If the preliminary finding is not upheld, the money will be returned.

From 2006 to 2008, imports of OCTG from China increased 203 percent by value and amounted to an estimated 2.6 billion dollars in 2008, according to the US Commerce Department.

In September, the US Commerce Department also issued a preliminary countervailing duties ranging from 10.9 percent to 30.6 percent on oil pipe imports from China.

The department said that it will make its final determination of antidumping and countervailing duties next year.

With the Commerce Department's determination, the US International Trade Commission (ITC) will make an affirmative final determination that the imports of wire decking from China materially injure, or threaten material injury to, the domestic industry.

The Commerce Department will issue an anti-dumping duty order or a countervailing duty one based on the ITC's decision.

CHINA STRONGLY OPPOSES US DECISION

China strongly opposed the US decision, calling it a protectionist move.

"China expressed strong dissatisfaction and is resolutely opposed to this," said China's Ministry of Commerce (MOC) spokesman Yao Jian in a statement in September.

"This does not comply with WTO agreements on subsidies.
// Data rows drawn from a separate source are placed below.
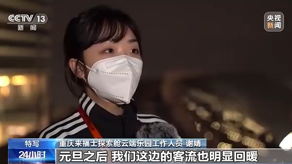 重慶來(lái)福士探索艙云端樂(lè)園工作人員謝婧:元旦之后,我們這邊的客流也明顯回暖,同比疫情之前客流明顯回暖到7成左右。
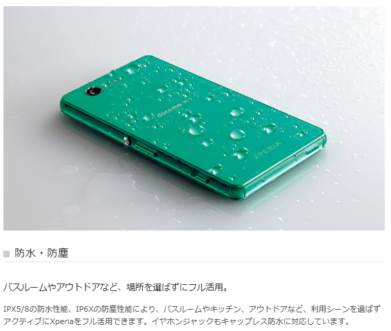 Xperia Z3 Compactには、防水性能としてIPX5/8と書かれていますが、これがどの程度のレベルか下の表で確認しておきましょう。
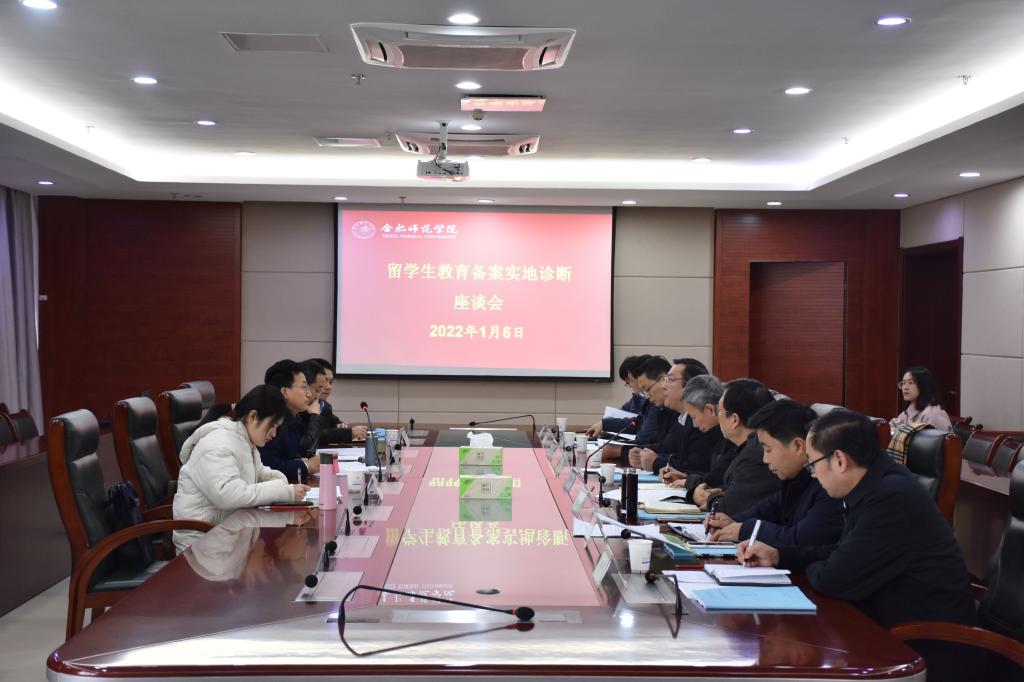 本网讯 1月6日上午,受省教育厅委托,中国科学技术大学国际合作与交流部副部长、安徽省外国留学生教育管理学会会长蒋家杰,安徽医科大学国际教育学院院长吴强,安徽中医药大学人文与教育交流学院党总支副书记桂大鹏,安徽省教育厅外事处四级主任科员奚洋一行来院考察我院留学生招收资质。院党委书记徐成钢、副院长谢阳群在行知楼2008会议室接待了考察组一行。院办公室、国际交流与合作处、财务处、后勤处、宣传部和教务处主要负责人参加座谈会。
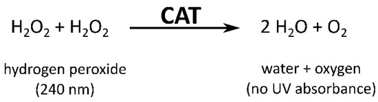 Schematic representation of the photometric determination of catalase activity (CAT). The conversion of H2O2 catalyzed by CAT is followed by the decrease in absorbance at 240 nm [46]. Figure modified after Aebi [46].
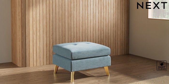 7.3.1 Buy Wilson Buttoned Back Footstool Fine Chenille Easy Clean Mid Blue Metal Tapered - Gold from the Seasons online shop Click here to use our website with more accessibility support, for example screen readers

The US used an incorrect method to define and calculate the subsidies, which has resulted in an artificially high subsidy rate, hurting the Chinese firms' interests," said Yao.

He noted that in the first quarter, the volume of Chinese OCTG exports to the US fell 55 percent from a year ago.

The US industries expressed strong dissatisfaction with the trade case, saying such a move would hurt US companies.

The trade restrictions would "hurt US using industries by raising their costs and making sources of supply uncertain," Eugene Patrone, executive director of the Consuming Industries Trade Action Coalition (CITAC) told Xinhua in September.

He noted that the tariffs would make oil and gas exploration and production be more expensive, projects be delayed, "which is against our national goal of being less dependant on imported energy."